After determining whether a plaintiff has proper legal standing to sue a corporation in a derivative lawsuit, a court must then make sure the complaint states a valid cause of action. In this type of case, a complaint must normally allege disloyal acts committed by the corporation (or one of its chief officers) – or state that a duty of care owed to shareholders and others was breached.
If such an allegation is not found in the complaint, it may need to be refiled as a “direct action” lawsuit – especially if the corporation allegedly did something like violating a shareholder’s voting rights or wrongfully denied a valid shareholder request to inspect specific corporate records. (Otherwise, the complaint may be dismissed.)
Once these threshold issues have been addressed, the court will normally allow a valid derivative lawsuit to proceed.
The following complaints are just some of those that shareholders might raise during valid derivative lawsuits against corporations.
Acts or Omissions That Can Render Corporations Liable in Derivative Suits
Self-dealing transactions. All corporations must avoid situations where one or more key individuals (like members of the board of directors, a corporate officer or a major shareholder) are actively negotiating from different sides of a specific corporate transaction. In other words, a key corporate party’s interest in a transaction is directly opposite of that of the corporation. Courts may choose to cancel a highly questionable transaction or award damages for reasonable losses that such a transaction is likely to cause;
Wrongful competition with the corporation. Let’s assume that the ABC Corporation runs discount auto repair shops in a given region. If a shareholder learns that one of the corporate officers (or several of them) recently purchased an auto repair business that directly competes in the same region as the ABC Corporation – that’s very likely to be viewed as disloyal to ABC and could cause ABC to lose profits;
Failure to use corporate assets appropriately. Let’s assume that the fictional Ace Corporation leases out an extensive collection of construction equipment to many of its clients for their various building projects. Now assume that Mr. Brown, a member of the Ace board of directors, decides to allow a past company client to use some of this equipment over a long holiday weekend for no fee, without even drawing up a contract.
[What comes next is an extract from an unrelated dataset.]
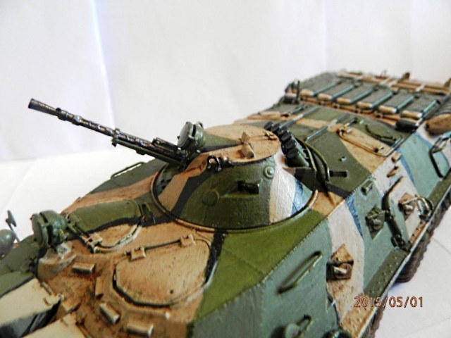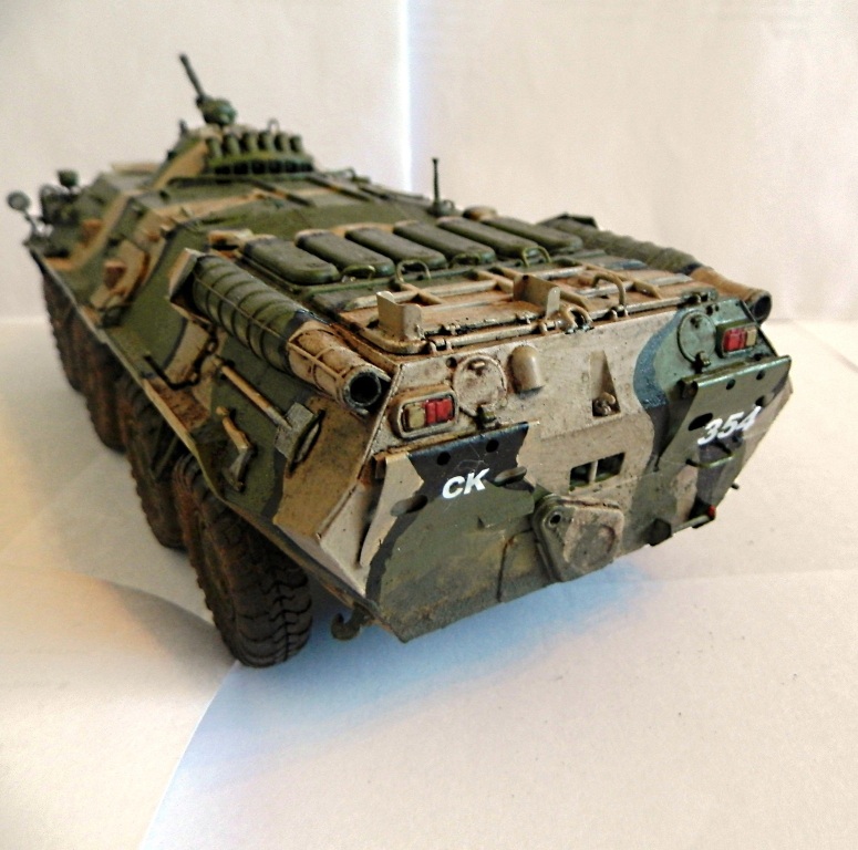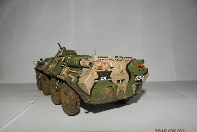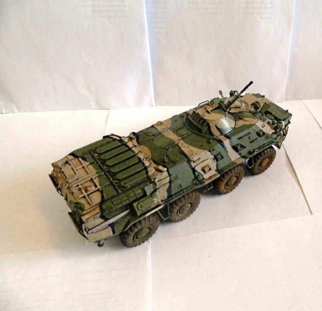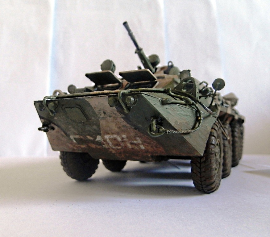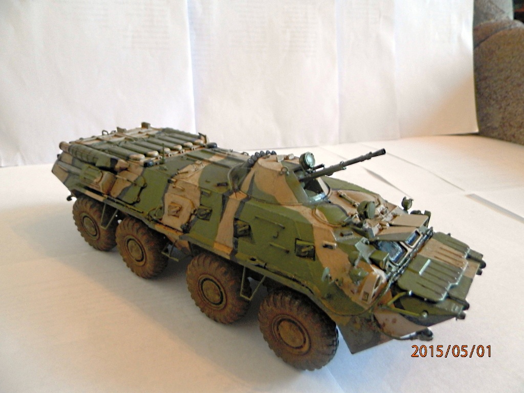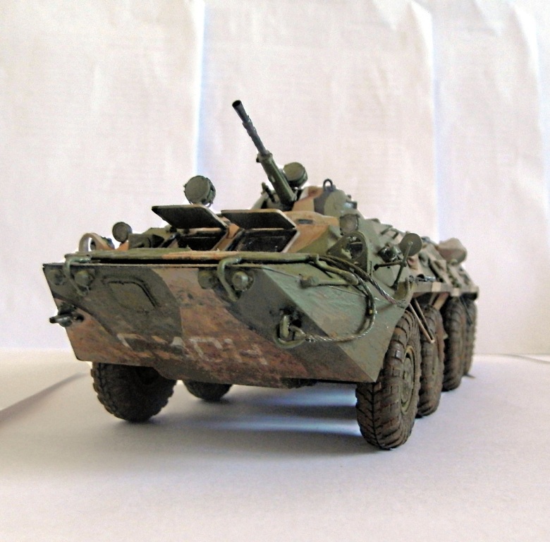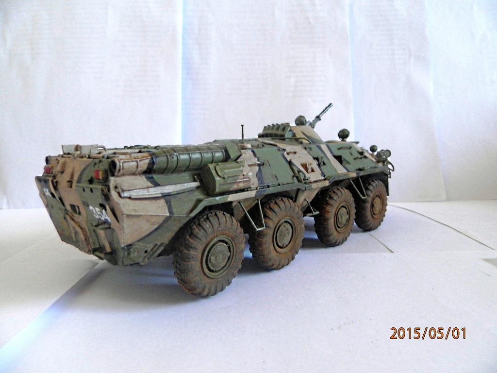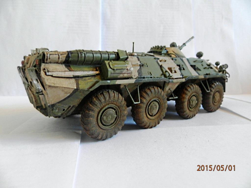 Изкоробочный БТР - 80. Мой первый опыт по нанесению пигментов. Попробовал сделать грязь, как получилось - судить вам. Окрашено кистью акрилом от Tamiya. Использован фильтр "Mig", смывка с двумя звёздами на банке (Tamiya?), пигменты ZIP maket и MIG. Делал с января по апреля 2015 года. Камуфляж нанесён, опираясь на одну из схем окраски и рисунок на коробке.

During this long weekend, several major pieces of equipment are damaged – and one or two bulldozers are now nonfunctional. Brown's misuse of corporate assets in this manner, even if arguably done to win favor with a former client, can cause financial losses and create liability for the company since Brown allowed corporate assets to be used in a manner not fully approved by the proper corporate officers and/or the board of directors;
Misuse of a “corporate opportunity.” Assume that John Doe, the fictitious owner of “Milwaukee Accounting Professionals” offers his firm's services at a deep discount to Ed Martin of “Corporation B.” Although Ed knows this offer is actually being made to him as a key representative of “Corporation B” for that corporation’s benefit, he decides to personally take advantage of the offer on behalf of a separate company he runs that he knows can provide Doe’s firm with ample business. Furthermore, Ed Martin never informs “Corporation B” of this offer. If this transaction is later discovered by one or more “Corporation B” shareholders, they're likely to prevail in a lawsuit claiming that Ed Martin , a corporate officer, harmed the corporation by failing to convey this offer to “Corporation B” in a timely manner -- which might have saved the company considerable accounting fees over many future years.